"Expectance" is een zelfstandig naamwoord.
De fonetische transcriptie van "expectance" in het Internationaal Fonetisch Alfabet is /ɪkˈspɛktəns/.
"Expectance" kan vertaald worden naar het Nederlands als "verwachting" of "verwacht staking".
"Expectance" verwijst naar de toestand van verwachten of de hoeveelheid die men verwacht. Het wordt vaak gebruikt in situaties waarbij er een anticipatie is op een bepaald resultaat of gebeurtenis. In het Engels is het gebruik niet zo frequent als het woord "expectation", en het komt meer voor in formele of literaire context dan in alledaagse spraak.
De verwachting van goede resultaten zorgde ervoor dat ze harder werkte.
His expectance for the project’s outcome was evident in his enthusiasm.
Zijn verwachting voor de uitkomst van het project was duidelijk in zijn enthousiasme.
The expectance of approval from her peers motivated her to do her best.
"Expectance" is niet veel gebruikt in idiomatische uitdrukkingen, maar het idee van verwachting is verweven in veel Engelse uitdrukkingen. Hier zijn enkele gerelateerde zinnen:
"In de verwachting van iets goeds, moet men zich voorbereiden op het onverwachte."
"Her expectance hung heavily in the air during the announcement."

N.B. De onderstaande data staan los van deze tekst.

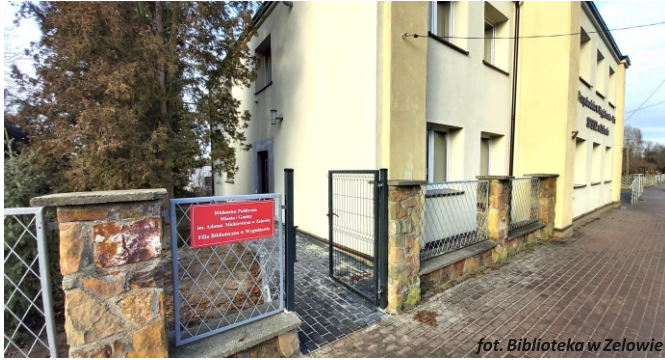
fot. Biblioteka w Zelowie

udało się sprawnie w ciągu 3 dni przenieść wszystkie elementy wyposażenia i ponad 5 tys. książek do nowego lokalu filii bibliotecznej. Nowe godziny otwarcia Filii: Wtorek - 11:00 - 16:00 Środa - 9:00 - 14:00 Czwartek - 11:00 - 16:00 Piątek - 9:00 - 14:00 III Sobota miesiąca 9:00 - 13:00

"Haar verwachting hing zwaar in de lucht tijdens de aankondiging."
"The expectance of a promotion kept him motivated even in hard times."
Het woord "expectance" is afgeleid van het Latijnse "exspectantia", dat komt van "exspectare", wat "afwachten" of "verwachten" betekent. Het is verwant aan het woord "expectation".
Synoniemen: expectation, anticipation, prospect.
Antoniemen: uncertainty, doubt, disbelief.